> _DATA SHOWN_
---*---
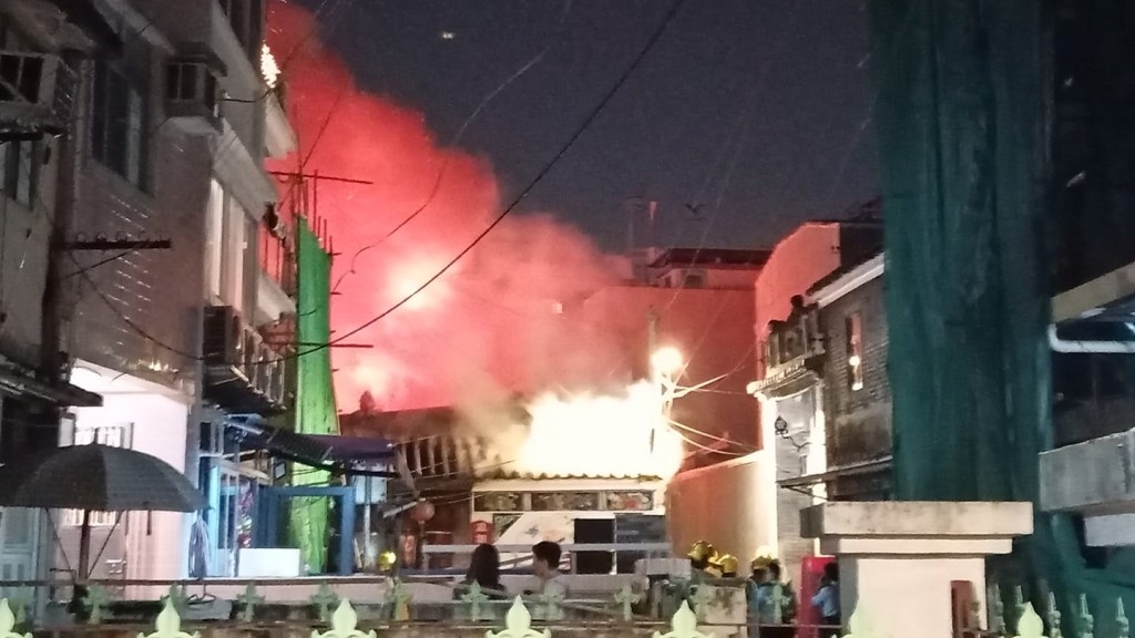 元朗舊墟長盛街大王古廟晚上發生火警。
---*---
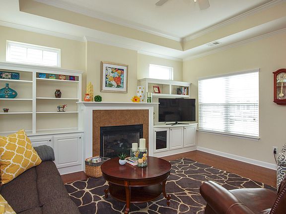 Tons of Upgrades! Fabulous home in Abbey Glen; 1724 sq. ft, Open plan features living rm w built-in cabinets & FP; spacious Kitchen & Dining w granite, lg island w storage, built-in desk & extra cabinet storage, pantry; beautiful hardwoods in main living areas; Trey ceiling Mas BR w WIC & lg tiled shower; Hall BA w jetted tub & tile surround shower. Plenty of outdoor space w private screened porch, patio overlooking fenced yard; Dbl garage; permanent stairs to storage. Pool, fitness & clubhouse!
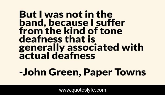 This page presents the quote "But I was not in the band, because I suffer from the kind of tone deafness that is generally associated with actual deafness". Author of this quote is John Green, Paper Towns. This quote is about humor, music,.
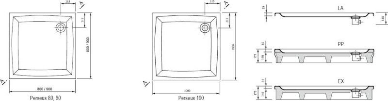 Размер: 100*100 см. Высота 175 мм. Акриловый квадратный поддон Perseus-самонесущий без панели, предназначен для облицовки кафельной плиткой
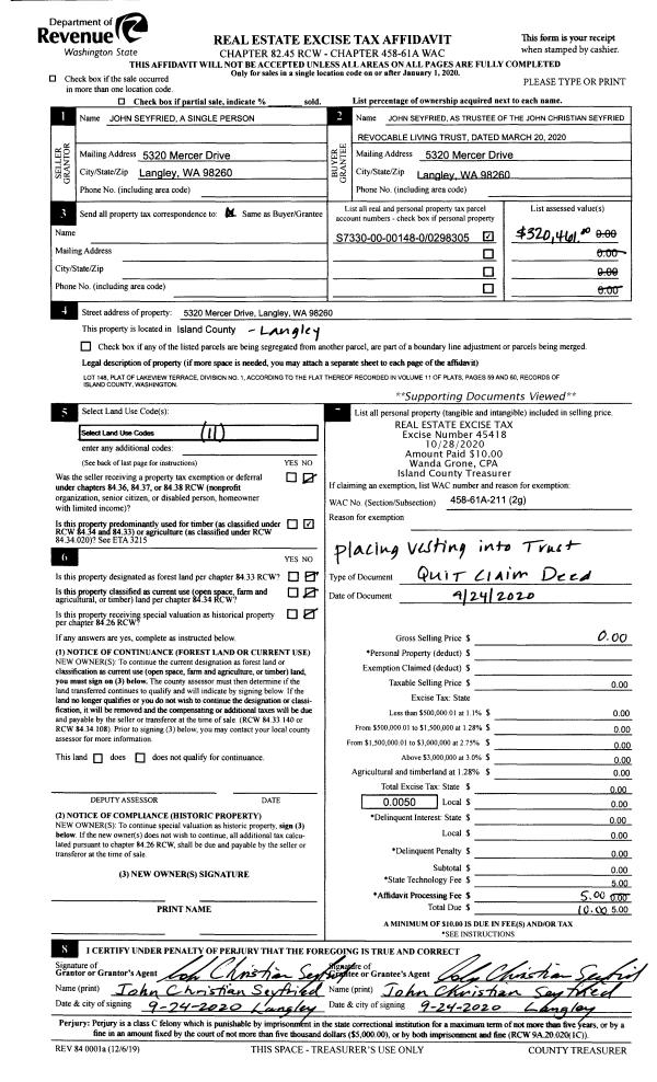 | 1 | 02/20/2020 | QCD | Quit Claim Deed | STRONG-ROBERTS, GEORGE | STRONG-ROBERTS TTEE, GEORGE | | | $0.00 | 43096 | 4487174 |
---*---
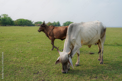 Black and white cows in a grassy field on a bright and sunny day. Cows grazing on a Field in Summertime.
---*---
> _EXERCISE_
Start with the line with "This page presents" in the listing above and stop after the line with "Размер: 100*100 см.". Write out exactly the lines in that stretch and no others, without pictures.

> _ANSWER FOR THIS EXERCISE_
 This page presents the quote "But I was not in the band, because I suffer from the kind of tone deafness that is generally associated with actual deafness". Author of this quote is John Green, Paper Towns. This quote is about humor, music,.
 Размер: 100*100 см. Высота 175 мм. Акриловый квадратный поддон Perseus-самонесущий без панели, предназначен для облицовки кафельной плиткой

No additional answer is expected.